Word for word, write out the entries that follow, omitting all pictures.

(PROVIDED MATERIAL Opens)

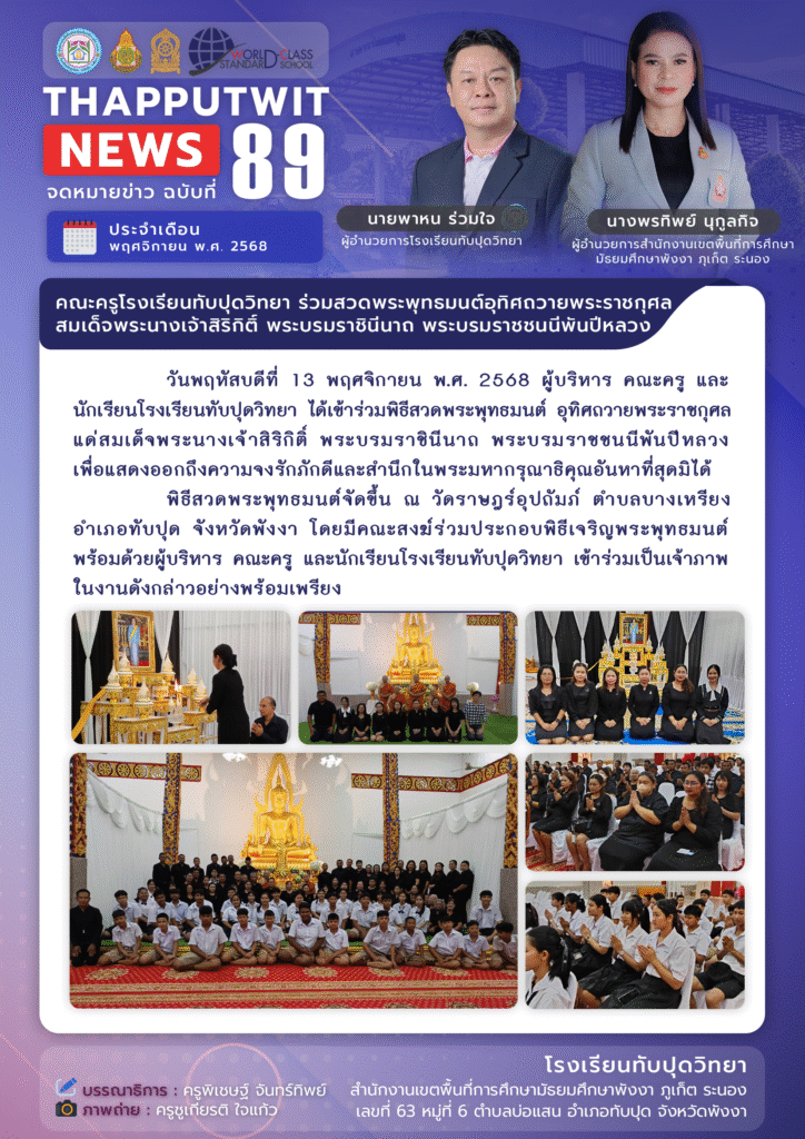 โรงเรียนทับปุดวิทยา ขอแสดงความยินดีและต้อนรับ คุณครูกานต์ธีรา แก้วจันทร์เข้าร่วมเป็นส่วนหนึ่งของครอบครัวทับปุดวิทยาและปฏิบัติหน้าที่ใน กลุ่มสาระการเรียนรู้สังคมศึกษา ศาสนาและวัฒนธรรม
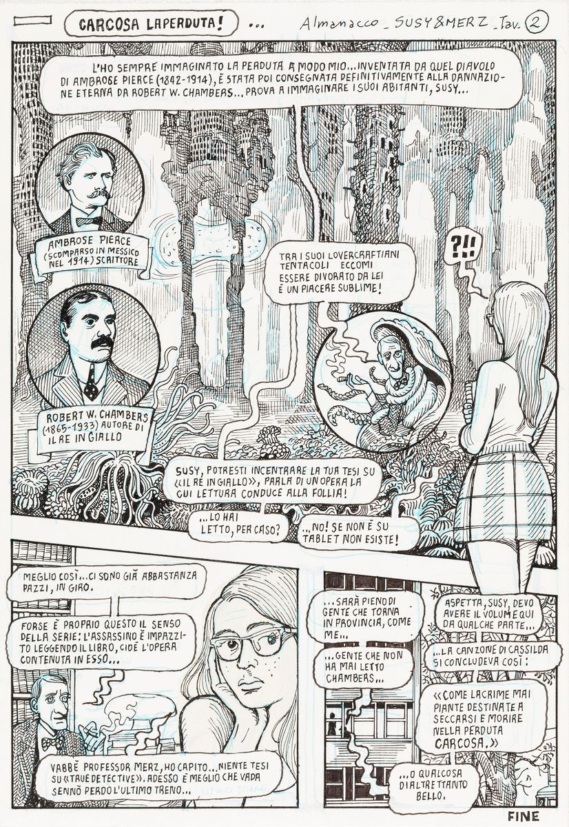 Coppia di tavole originali realizzate da Bacilieri per l'avventura di Susy & Merz intitolata "Una gita a Carcosa" edita nel 2015.
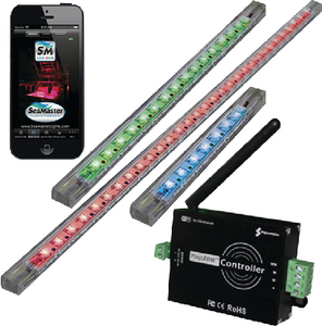 SeaMaster Multi-Color lighting, create custom color for any application! 80' total length. The RGB LED WiFi Kit comes ready to install with free access to the DIY SeaMaster RGB LED APP (Apple & Android ready). Create any color to match your hull, bimini or other custom accessories....new colors every time or save your customized colors to your device. The lights are completely potted for superior protection designed to outlast saltwater conditions that typically cause failure in other LED?s. All SeaMaster Strip Lights are covered with a Lifetime Warranty.
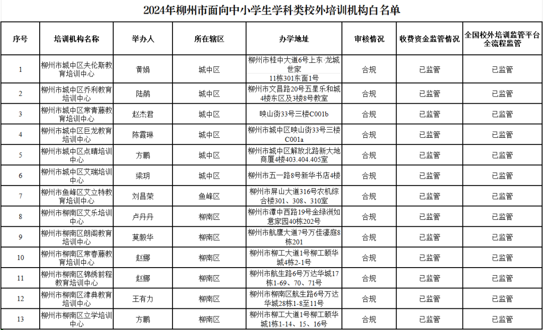 为全面落实国家“双减”政策,切实减轻义务教育阶段学生校外培训负担,保障家长和学生的合法权益,着力构建良好的教育环境,柳州市教育局公布全市面向中小学生学科类校外培训机构最新一批“黑白名单”。
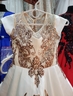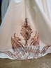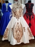 Нарядное платье для девочки. Платье пошито из плотного королевского атласа. Верх платья украшен золотыми аппликациями из пайеток. Застегивается на пуговички и затягивается шнуровкой на потайном корсете. Без шлейфа !!!
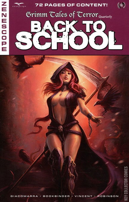 72 Pages of Content! In these hallowed halls of learning, a new guidance counselor has arrived with a very...unique view of right and wrong. Her name is Keres, otherwise known as the Goddess of Death, and it's best to heed her teachings as your very life may depend on it. Follow four new tales of terror, as both students and teachers alike will be finding out firsthand that the lessons learned can sometimes be fatal. Don't miss this terrifying collection of stories set in the most terrifying place one can imagine, high school, in this new, over-sized issue!
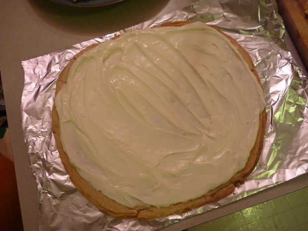 Extender el glaseado uniformemente sobre la costra de galleta de azúcar.  Asegúrese de que usted obtener en todas partes - va a ser el pegamento que mantiene unida a toda la operación.

(PROVIDED MATERIAL Closes)

ANSWER BOX:
 โรงเรียนทับปุดวิทยา ขอแสดงความยินดีและต้อนรับ คุณครูกานต์ธีรา แก้วจันทร์เข้าร่วมเป็นส่วนหนึ่งของครอบครัวทับปุดวิทยาและปฏิบัติหน้าที่ใน กลุ่มสาระการเรียนรู้สังคมศึกษา ศาสนาและวัฒนธรรม
 Coppia di tavole originali realizzate da Bacilieri per l'avventura di Susy & Merz intitolata "Una gita a Carcosa" edita nel 2015.
 SeaMaster Multi-Color lighting, create custom color for any application! 80' total length. The RGB LED WiFi Kit comes ready to install with free access to the DIY SeaMaster RGB LED APP (Apple & Android ready). Create any color to match your hull, bimini or other custom accessories....new colors every time or save your customized colors to your device. The lights are completely potted for superior protection designed to outlast saltwater conditions that typically cause failure in other LED?s. All SeaMaster Strip Lights are covered with a Lifetime Warranty.
 为全面落实国家“双减”政策,切实减轻义务教育阶段学生校外培训负担,保障家长和学生的合法权益,着力构建良好的教育环境,柳州市教育局公布全市面向中小学生学科类校外培训机构最新一批“黑白名单”。
 Нарядное платье для девочки. Платье пошито из плотного королевского атласа. Верх платья украшен золотыми аппликациями из пайеток. Застегивается на пуговички и затягивается шнуровкой на потайном корсете. Без шлейфа !!!
 72 Pages of Content! In these hallowed halls of learning, a new guidance counselor has arrived with a very...unique view of right and wrong. Her name is Keres, otherwise known as the Goddess of Death, and it's best to heed her teachings as your very life may depend on it. Follow four new tales of terror, as both students and teachers alike will be finding out firsthand that the lessons learned can sometimes be fatal. Don't miss this terrifying collection of stories set in the most terrifying place one can imagine, high school, in this new, over-sized issue!
 Extender el glaseado uniformemente sobre la costra de galleta de azúcar.  Asegúrese de que usted obtener en todas partes - va a ser el pegamento que mantiene unida a toda la operación.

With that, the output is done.